Hybrid search that combines vector search and full-text search: Set the hybrid_ratio parameter to 0.5.

topk = 20
text = ""Green Kidswear"
vector = model.encode([text])[0]
filter_str = None
kwargs = {"TEXT" : text, "hybrid_ratio" : 0.5}
result = client.tvs_knnsearch(index_name, topk, vector, False, filter_str, **kwargs)
top_img = [images[id_pos[int(item[0])]] for item in result]
display_result(top_img)

Result:

Hybrid search that combines vector search, full-text search, and conditional filtering: Set the hybrid_ratio parameter to 0.5 and add the subCategory == "Topwear" statement.

topk = 20
text = "Green Kidswear"
vector = model.encode([text])[0]
filter_str = "subCategory == \"Topwear\""
kwargs = {"TEXT" : text, "hybrid_ratio" : 0.5}
result = client.tvs_knnsearch(index_name, topk, vector, False, filter_str, **kwargs)
print(result)
top_img = [images[id_pos[int(item[0])]] for item in result]
display_result(top_img)

Result:

Summary

Based on the preceding results, both vector search and full-text search can meet query requirements.

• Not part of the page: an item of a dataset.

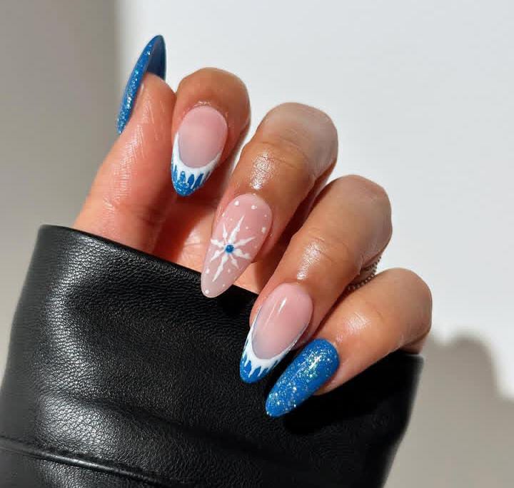 Classic French tips get a frosty twist with icy blue glitter, snowflake accents, and a mix of shimmer that feels fresh and Christmas festive.

Based on the top-ranked candidate sets, the performance of full-text search is slightly higher than that of vector search.
For hybrid search solutions, if a product is retrieved by two search methods, the product ranks higher than other products.
You can use the hybrid_ratio parameter to adjust the weights of search methods in a hybrid solution. This way, the results can be reranked to obtain relatively more accurate results.
You can use conditional filtering to filter out specific candidate sets to improve the hit rate of vector search.